Mass houses too expensive: Kavekotora

27 Jul 2014 15:30pm
WINDHOEK, 27 JUL (NAMPA) – Rally for Democracy and Progress (RDP) Secretary-General Mike Kavekotora says the cost of houses constructed under the national mass housing project is “way beyond” what the majority of Namibians afford.
Speaking at a media briefing in Windhoek on Sunday on the outcome of the RDP Central Committee meeting which started on Saturday, Kavekotora alleged that there is a lack of capacity by the implementing agency of the mass housing programme, the National Housing Enterprise (NHE) due to political pressure from President Hifikepunye Pohamba.
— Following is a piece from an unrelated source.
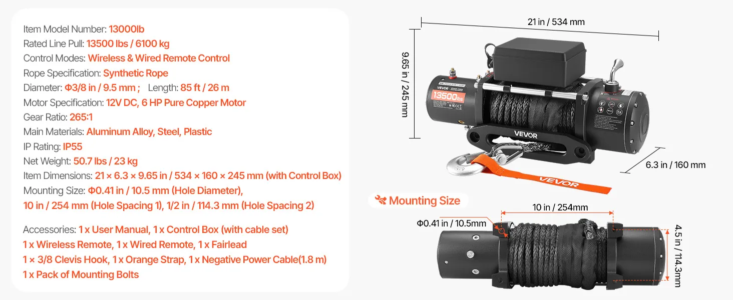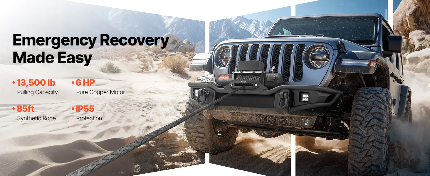 This electric winch delivers strong pulling power, helping you pull vehicles out of mud or sand with ease. Enjoy off-road trips with smooth recovery every time.

“Swapo has devised a clever way to siphon money out of government to benefit the political well-positioned. They initiated an ill-conceived project and force the President to push for it while Swapo tenderpreneurs line up to receive free money,” he said.
Kavekotora also claimed that the Targeted Intervention Programme for Employment and Economic Growth (Tipeeg) was created to produce over 100 000 jobs, but only a few temporary job were created.
He alleged that President Pohamba has pushed for money to be disbursed even in cases where the project implementers were complaining of not having the capacity to complete projects successfully.
Tipeeg came into being in 2011 as a measure to curb unemployment in the country, and to ultimately address poverty.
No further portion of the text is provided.